Friday's marches were tense in a couple of places: police officers rammed their bicycles into protesters, and verbal confrontations occurred but it ended peacefully. Saturday started out with the large "People First" march with a trajectory negotiated and approved by the police: down University, west on Queens, north on Spadina and back to Queen's Park. The protest marshals knew that there would be splinter groups wanting to reach the fence to spray it or put their banner up. Looters were also expected to take advantage of the situation.
Yet it is unclear why police cruisers would be in the vicinity of the protest. Throughout the week, police officers circulated in unmarked vans. While hundreds of riot police officers were blockading streets south of Queen, looters got out and threw rocks along Queen and up Yonge (reports vary on the numbers, from 50 to 100). Confrontations occurred as well on King.

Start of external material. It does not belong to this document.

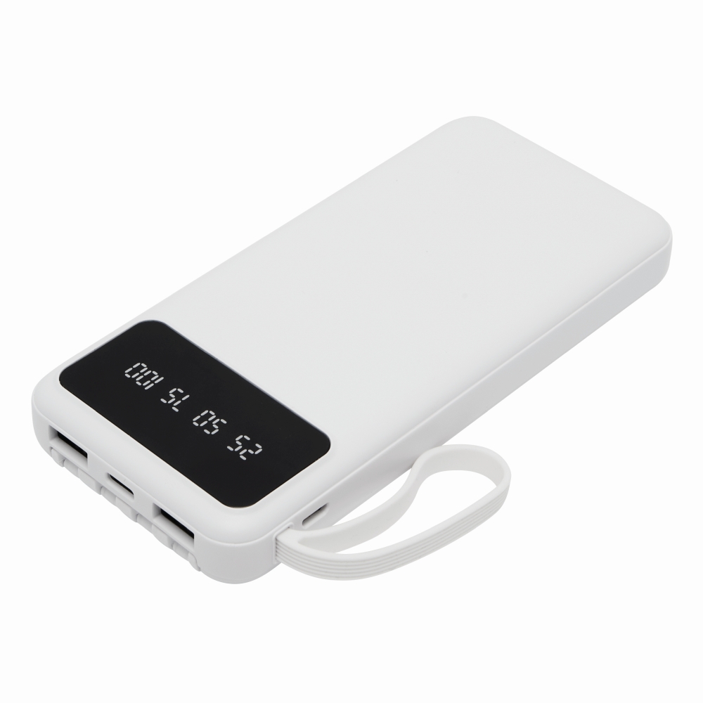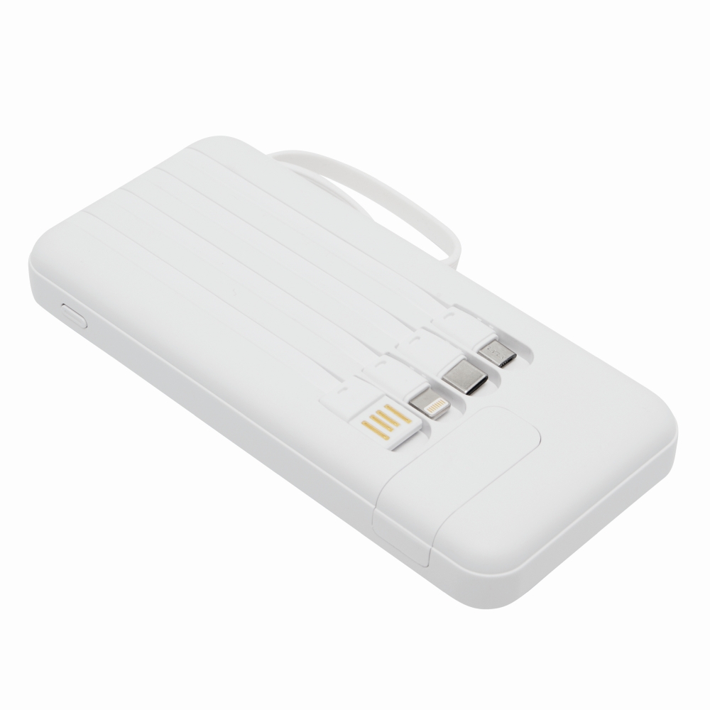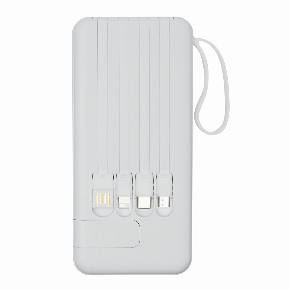 bPowerbank MULTI CHARGE/b: suitable for smartphones and USB-connected devices, 1 USB Type-C and 2 Type-A outputs, capacity: 10.000 mAh, 4 integrated charging cables on the back (Type-C, Micro-USB, Lightning and USB Type-A), charge level indicator (25 / 50 / 75 / 100 %), powerful battery, input power: 5V/2A, output power: 5V/2A (max.), with pull-out smartphone holder, with on/off switch. Dimensions: 14,7 x 6,8 x 1,9 cm

It is still unclear why the people gathered at Queen's Park at 5 pm were suddenly charged by riot police. It appears that the small group of black clad looters was still out to spray paint and throw rocks in windows. Certainly, however, not all those at Queen's Park fell into this category. Since then, more than 500 people have been arrested and none are being released. It would appear that the presumption of innocence has been suspended during the G20.
CCLA is concerned about the conditions of detention: people are being denied access to lawyers, they are unable to contact their families and we have heard that there are no plans for prompt release. The police does not appear to make serious attempts to provide access to lawyers or information. This is a serious violation of basic rights of hundreds of people.